» RECORDED DATA
==========

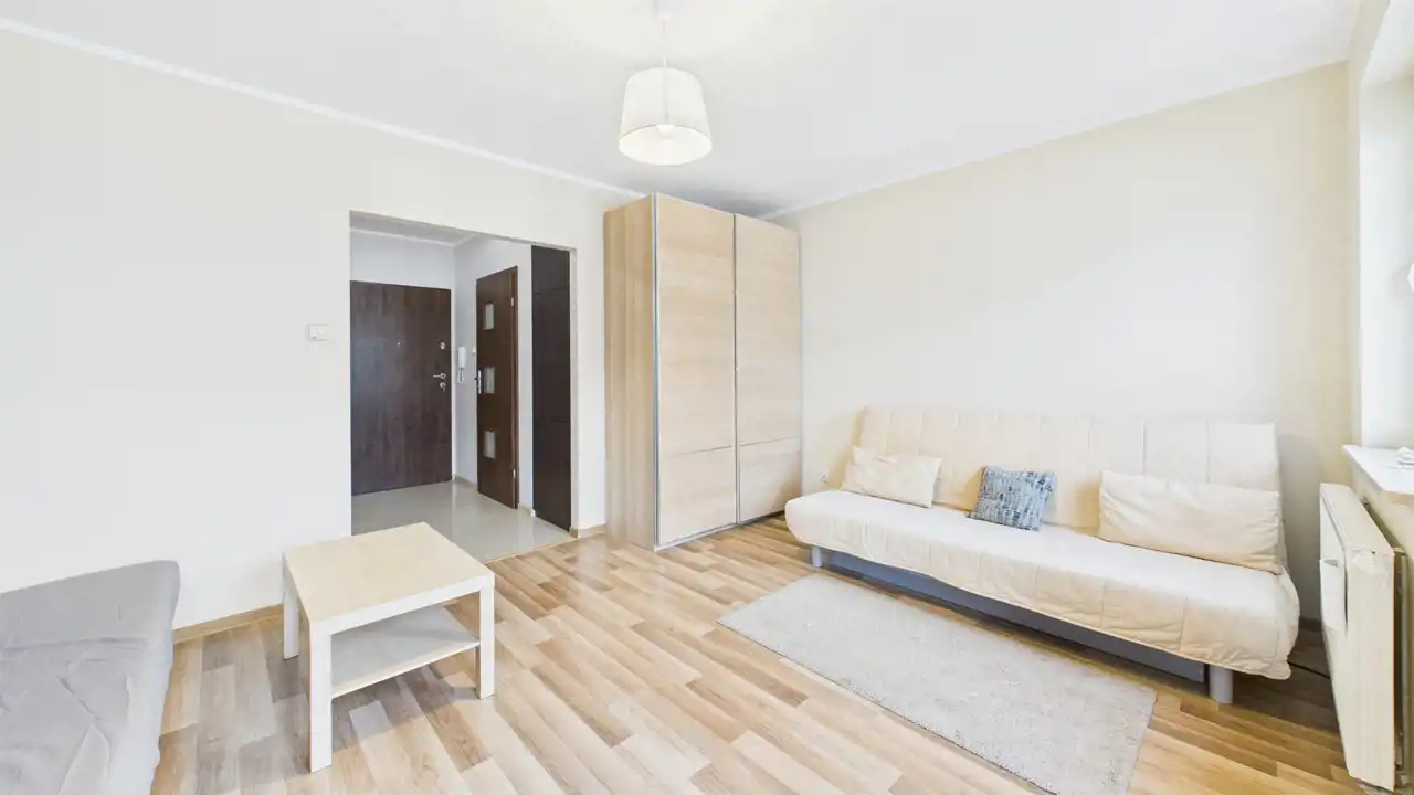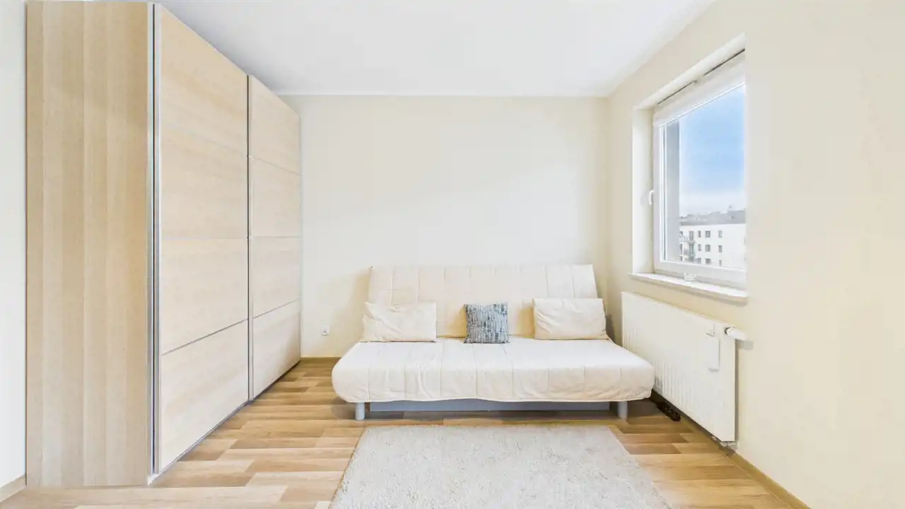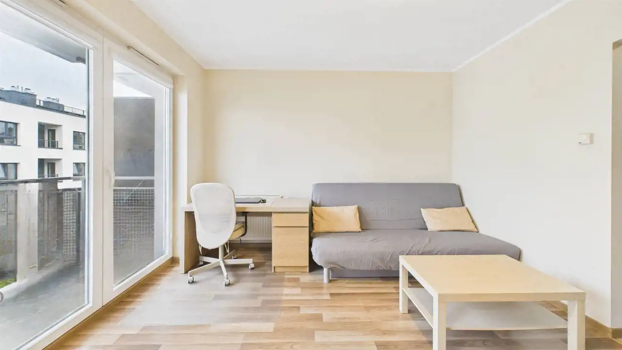 przestronny pokój dzienny z pojemną szafą i wyjściem na balkon,
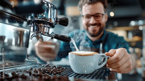 A joyful barista uses an espresso machine to prepare a cappuccino, combining skill and warmth in a buzzing cafe, showcasing the craft of coffee creation.
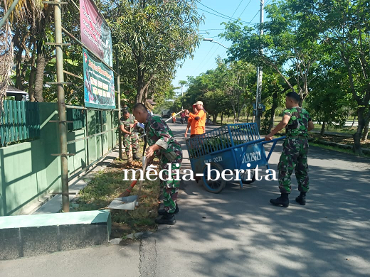 Ciptakan Lingkungan Bersih Anggota Koramil Tegal Barat Kodim 0712 Tegal Laksanakan Kerja Bakti

==========

» EXERCISE INSTRUCTIONS
Repeat the listing above verbatim, but exclude the pictures it contains.

» SOLUTION FOR THIS EXERCISE
 przestronny pokój dzienny z pojemną szafą i wyjściem na balkon,
 A joyful barista uses an espresso machine to prepare a cappuccino, combining skill and warmth in a buzzing cafe, showcasing the craft of coffee creation.
 Ciptakan Lingkungan Bersih Anggota Koramil Tegal Barat Kodim 0712 Tegal Laksanakan Kerja Bakti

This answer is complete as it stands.